The first hospital building was built in 1957 (firstly in the Karamunsing neighbourhood of the city) along the Old Tuaran Road, known as Jalan Tuaran Lama (next to the former site premises of the Radio Televisyen Malaysia branch headquarters building, which has since been demolished and vacated since 2011 for future developments, in which that area was also known to be the current sites for the upcoming Radio Sabah broadcasting museum as well as the newly completed permanent branch office building premises of the Jabatan Audit Negara, the hospital only moved to its permanent existing site in Kepayan Ridge sixteen years later in 1973, ten years after the formation of Malaysia), then followed by a second building in 1981, This reinforced concrete tower was found to be using unwashed sea sand as part of the concrete mix, which caused its structure to fail which leads into its demolition in 2009. The hospital was visited by the Queen in 1971 and currently it is being replaced with a new one the same year, in which it is still in use until the present era.

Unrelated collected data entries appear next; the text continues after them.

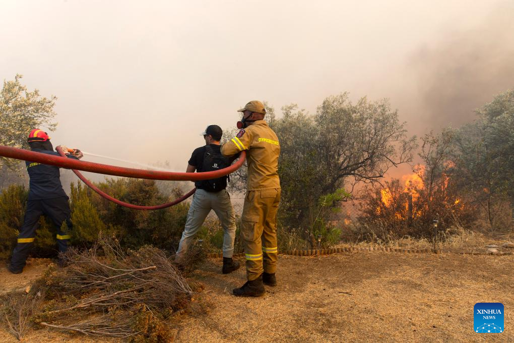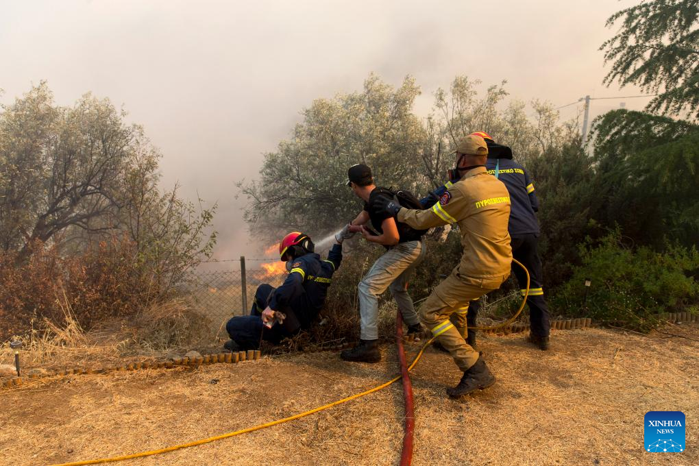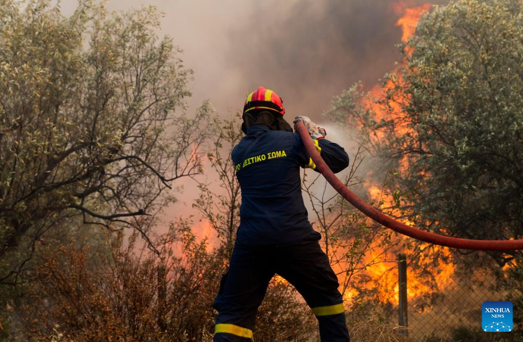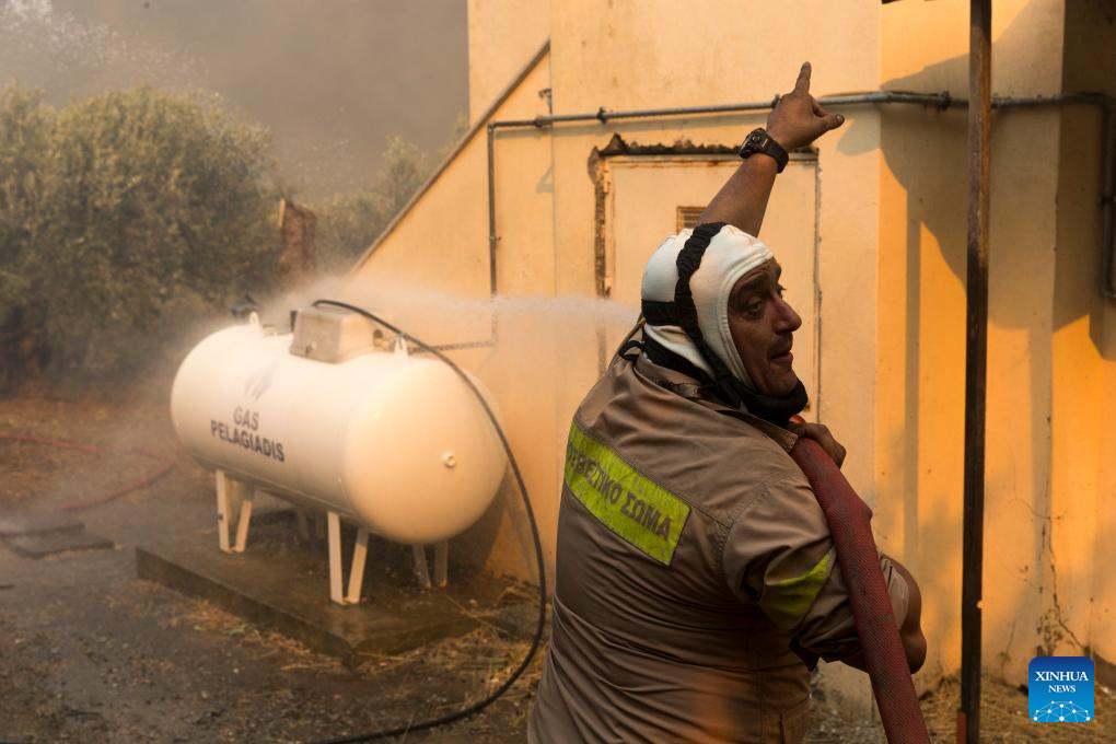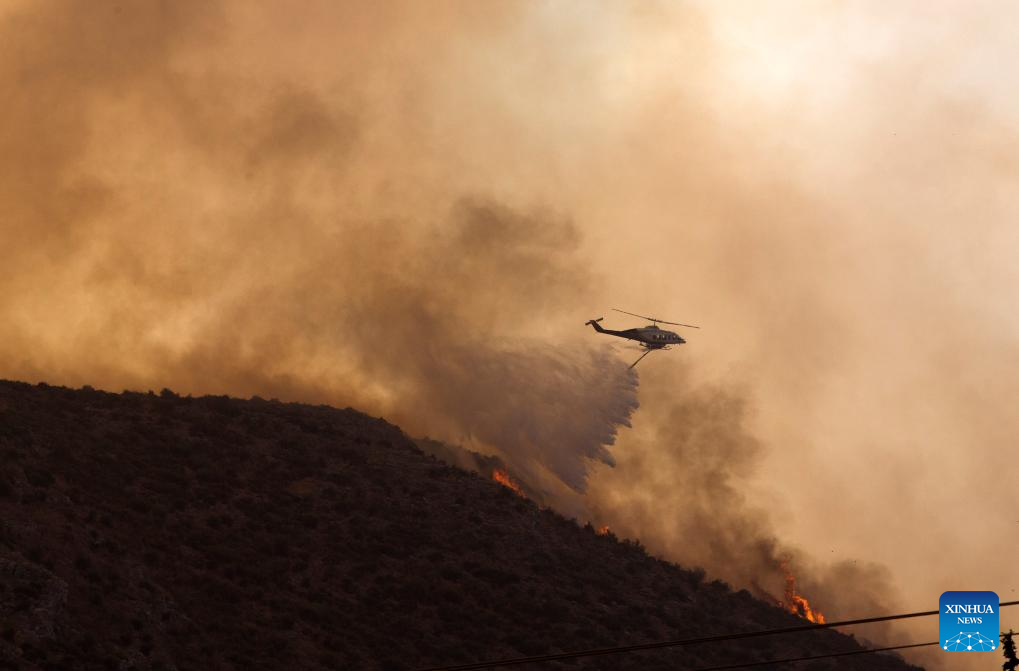 ATHENS, July 27 (Xinhua) -- Wildfires raging across parts of Greece has forced the evacuation of an air force base at the seaside town of Nea Anchialos, near the port city of Volos, as well as 12 settlements in the area, Greek national news agency AMNA reported on Thursday.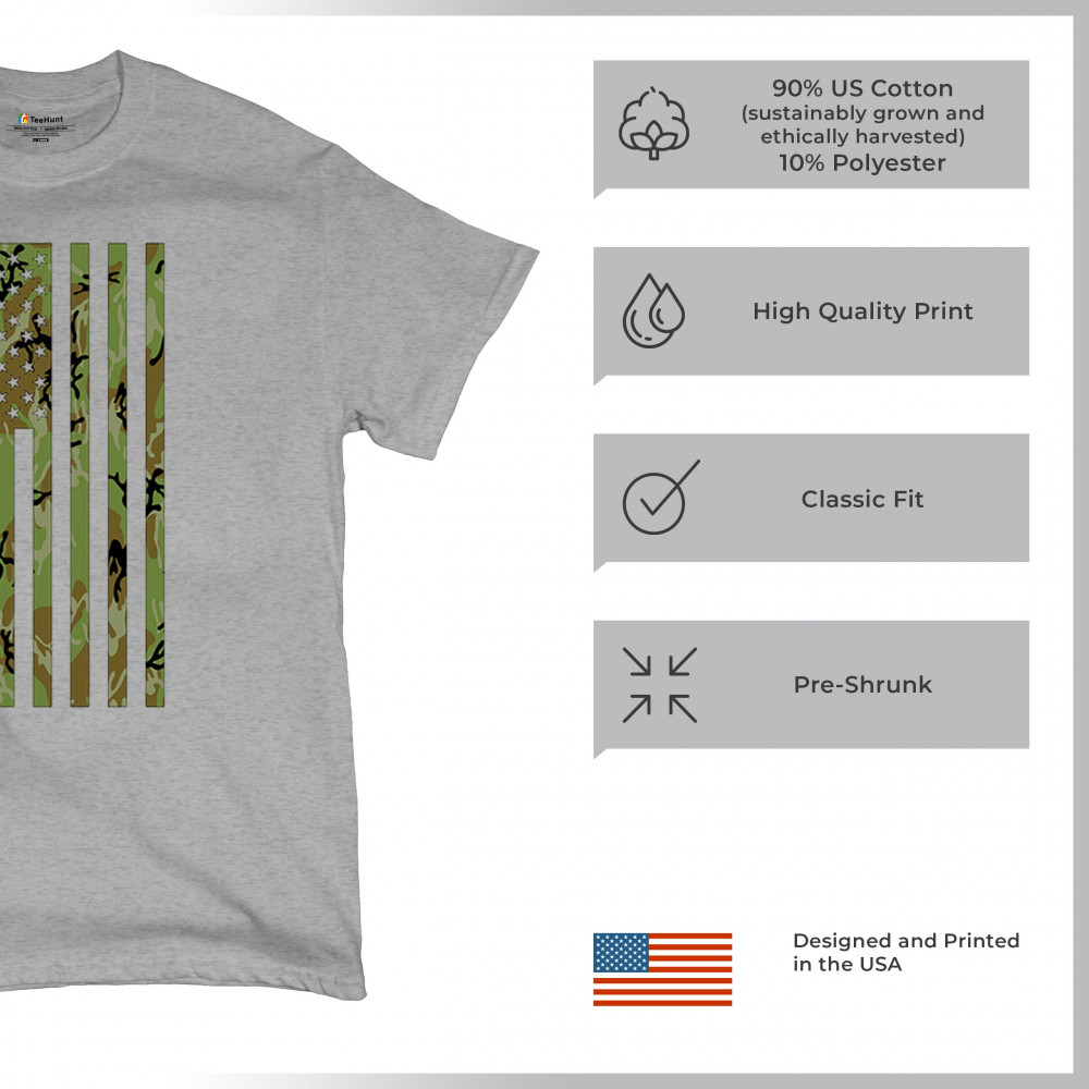 Celebrate your American pride with this bold camouflage American flag design. Perfect for veterans, active military members, and patriots who stand for freedom and honor. This design is an excellent choice for patriotic occasions such as Independence Day, Memorial Day, and Veterans Day. Show your support for the Second Amendment and the values that make America great. Wear it proudly and let your love for the USA be seen.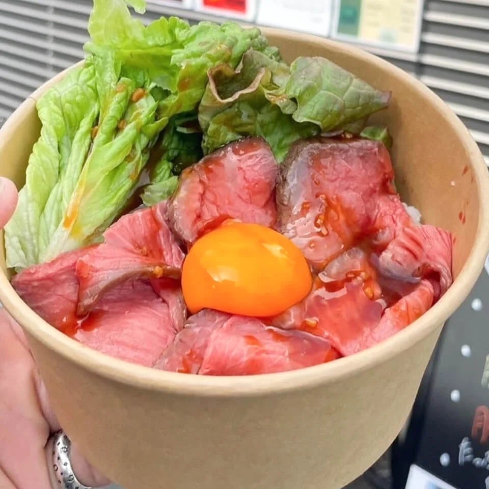ローストビーフ肉マシマシ!低音でじっくり火を通した柔らかい牛赤身肉に特性ダレを絡めてぜひお召し上がりください!肉大盛りは容器から飛び出るほどのマシマシ限界突破!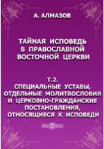 Тайная исповедь в православной восточной церкви. Т. 2. Специальные уставы, отдельные молитвословия и церковно-гражданские постановления, относящиеся к исповеди. / А. И. Алмазов. - Типо-литография Штаба Одесского военного Округа, 1894. -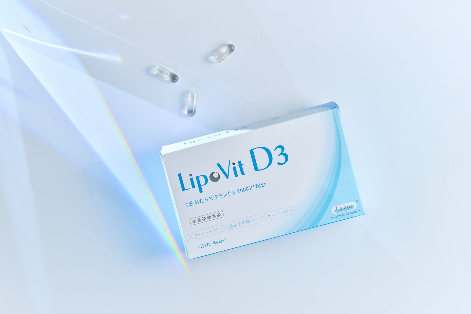 ビタミンD3は水に溶けない脂溶性、そのままでは体内に吸収しにくい成分です。リポビットD3はリポソーム化することで水に溶けやすくし、吸収にもこだわっています。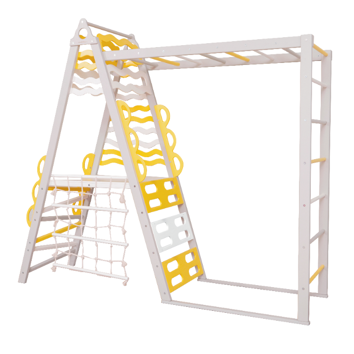 Drewniany plac zabaw dla dzieci Wave wykonany z naturalnego drewna i sklejki brzozowej wytrzymuje obciążenie do 60 kg, dzięki czemu nadaje się nie tylko do użytku indywidualnego, ale także do wspólnej zabawy.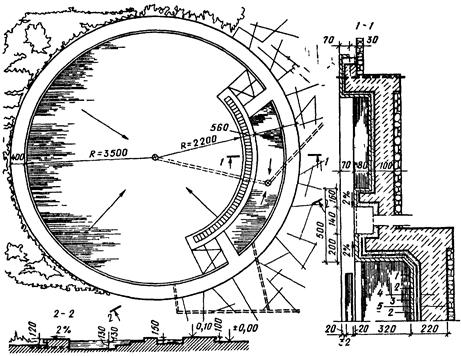 Рис. 10. Планировка и конструктивное решение плескательного бассейна (опыт НРБ) а - план; б - разрез 1-1; в - разрез 2-2; 1 - облицовочная плитка; 2 - цементная стяжка; 3 - гидроизоляция; 4 - бетон; 5 - дренаж Фонтанчики. Для закаливания детей и игр с водой на участке могут устраиваться фигурные фонтанчики и водные забавы (рис.11). Эти устройства значительно превосходят плескательные бассейны по игровым, гигиеническим и оздоровительным качествам. Фигурные фонтанчики типа "круглый дождь", "спираль", выполняются из алюминиевых или стальных труб, в которые под давлением подается вода и разбрызгивается в виде тонких струй и водяной пыли. Фигурные фонтанчики имеют небольшую чашу-бассейн, которая вмещает одновременно трех-четырех детей. Водная забава на 10-20 детей представляет собой- забетонированную или выложенную плитками площадку (10-18м2), по периметру которой расположены разбрызгивающие устройства с вертикально, горизонтально или наклонно бьющими струями. а)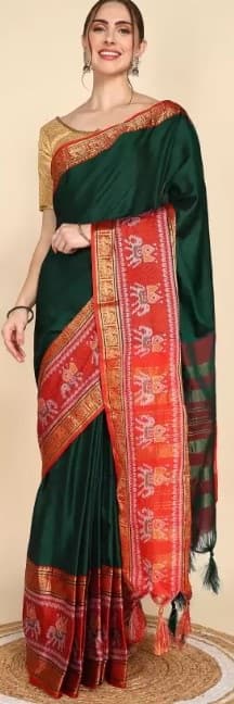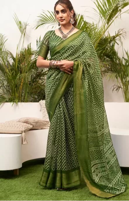 कॉटन की ग्रीन साड़ी
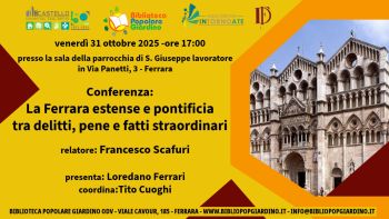 Venerdì 31 Ottobre 2025 ore 17presso la Sala parrocchiale San Giuseppe Lavoratore via Panetti 5 FerraraLa Ferrara estense e pontificia tra delitti, pene e fatti straordinari relatore Francesco Scafuripresenta Loredano Ferraricoordina Tito Cuoghi Scafuri, con l’ausilio di suggestive immagini, illustrerà al pubblico alcune vicende che videro protagonisti feroci assassini, ladri incalliti e donne accusate di stregoneria nel periodo […]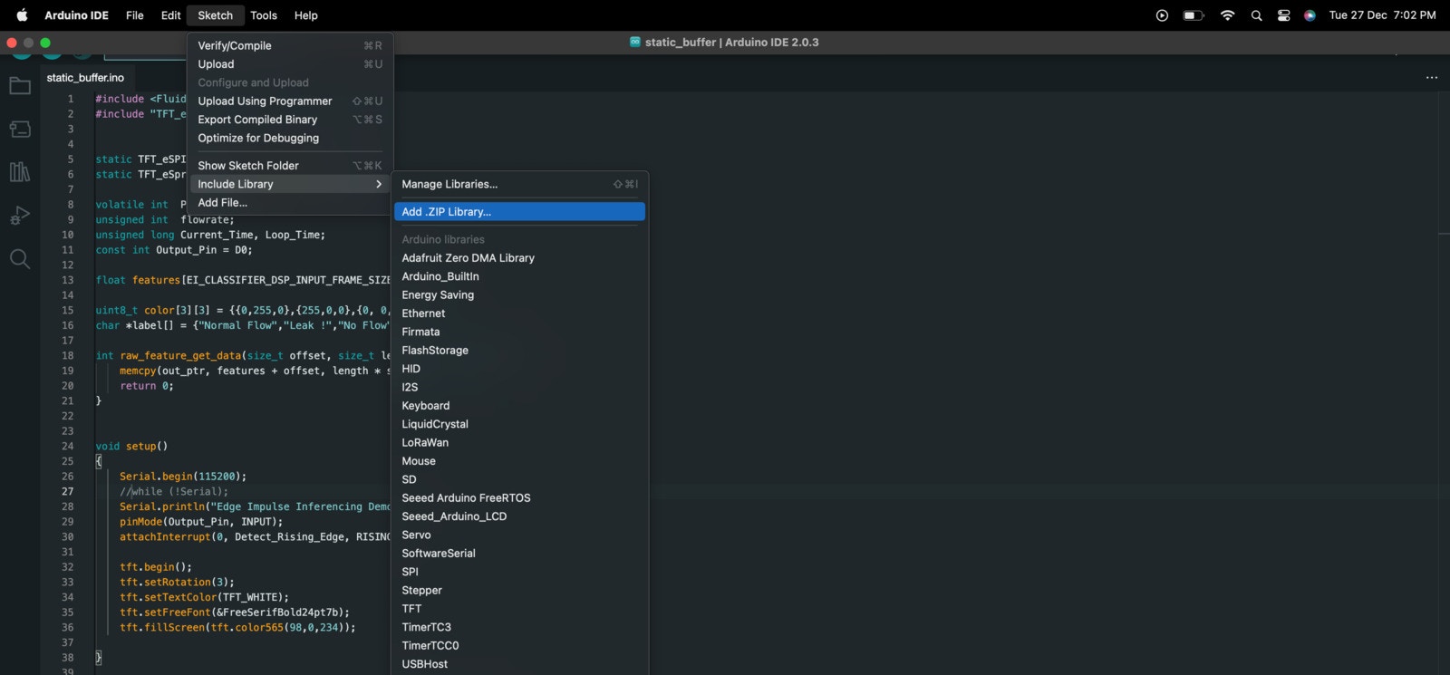 .zip file that contains our model and a set of examples. To use this library on the Arduino platform, we will need to add it to the Arduino Integrated Development Environment (IDE).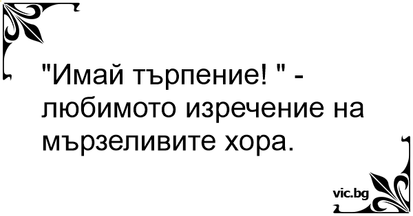 "Имай търпение! " - любимото изречение на мързеливите хора.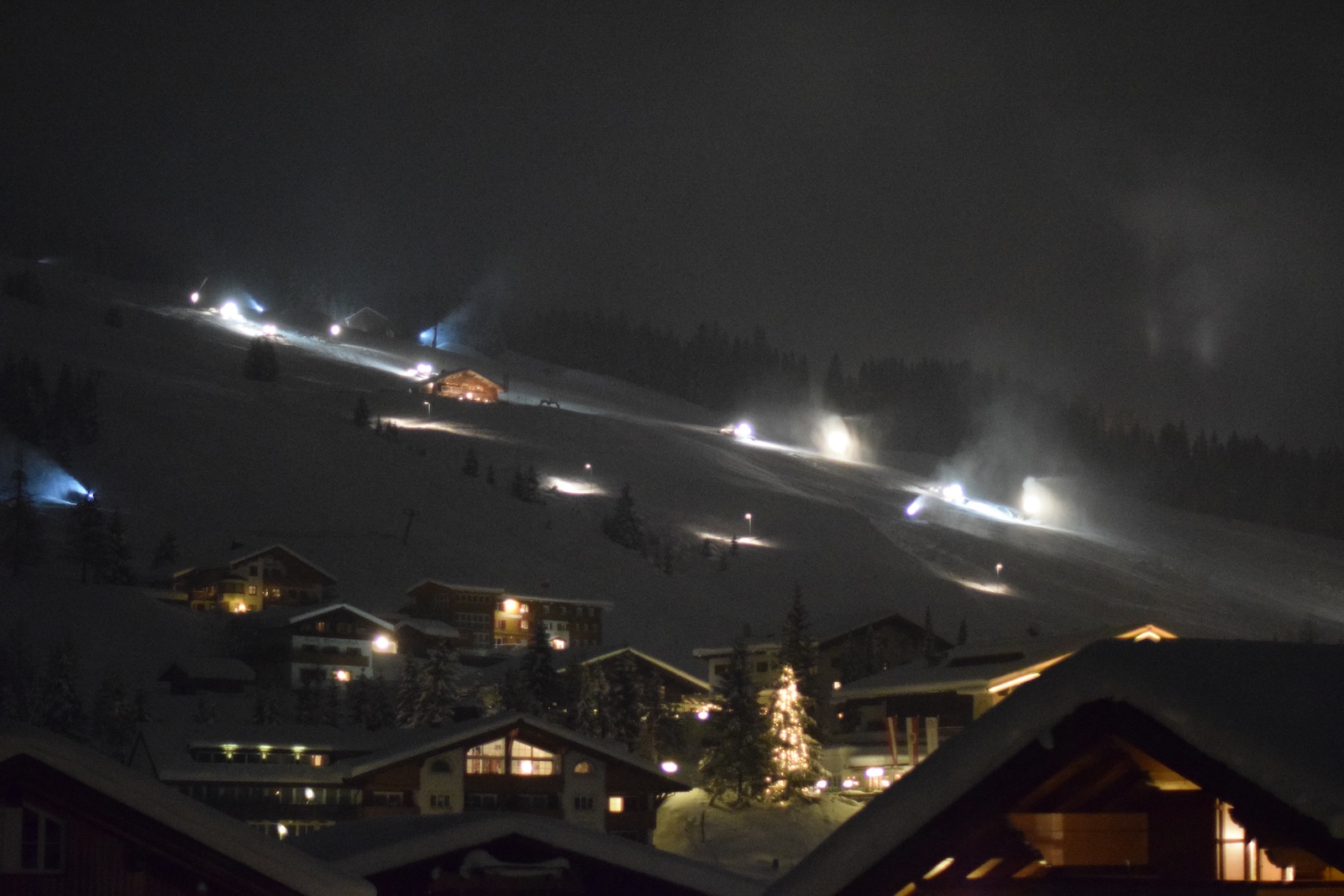 420km de route et à l’arrivée, la découverte d’une station incroyable. Chaînes obligatoires, heureusement qu’on a une Quattro… Nous prenons possession de notre chambre, faisons un peu le tour du village et allons aux informations sur le domaine.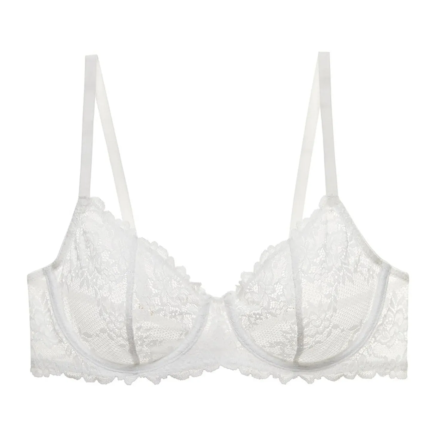 - Design: A naturally beautiful, everyday balconette underwire Stretch lace with extremely soft handfeel. Non-padded lace cups with fishnet ground to offer subtle modesty. Convertible straps can be worn conventional or criss-cross.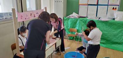 子どもたちは交代でお店番をしたりお客さんになったりして、お祭りを楽しんでいました。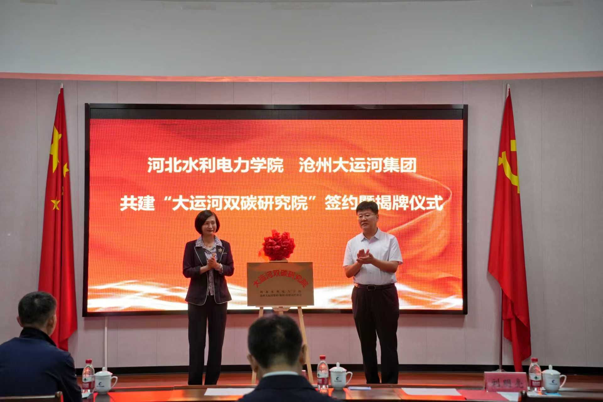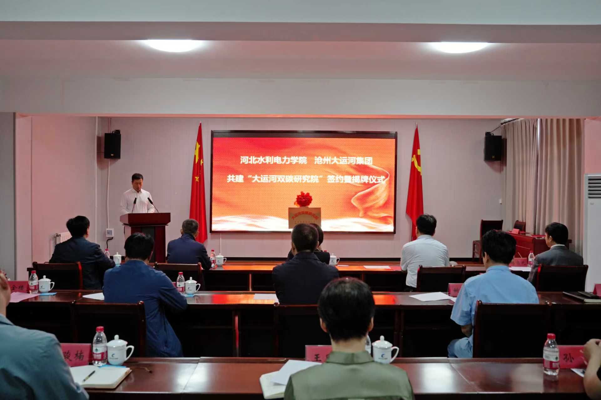 9月26日上午,由沧州大运河集团与河北水利电力学院携手共建的“大运河双碳研究院”在沧州大运河发展(集团)有限责任公司正式揭牌成立,标志着沧州市在深入落实国家“双碳”战略、推动绿色科技创新方面迈出关键一步。成立大会暨签约揭牌仪式由沧州大运河集团党委副书记、总经理王金楼主持。沧州市国资委党委书记、主任冯艳玲,沧州市科技局党组书记刘明亮,河北水利电力学院党委副书记、校长王滨,沧州大运河集团党委书记、董事长李宗兆等领导嘉宾共同出席见证。

Prior to the demolishment of existing first building in 2009, the federal government purchased the former building premises of the Sabah Medical Centre (SMC) private hospital located in the Damai neighbourhood (now known as the KPJ Sabah Specialist Hospital, in which they have a permanent building just across the street nearby to the current QEH 2 premises since 2014), whereby it was renovated and being renamed as Queen Elizabeth Hospital II. The second building has since been maintained. Although the service for normal patients has been returned to the new first building located at the existing main hospital building premises in Kepayan Ridge, the second building that was located in Damai is mainly used now as a heart centre or a specialist hospital for cardiothoracic health-related services (but other health services are also provided in the second building).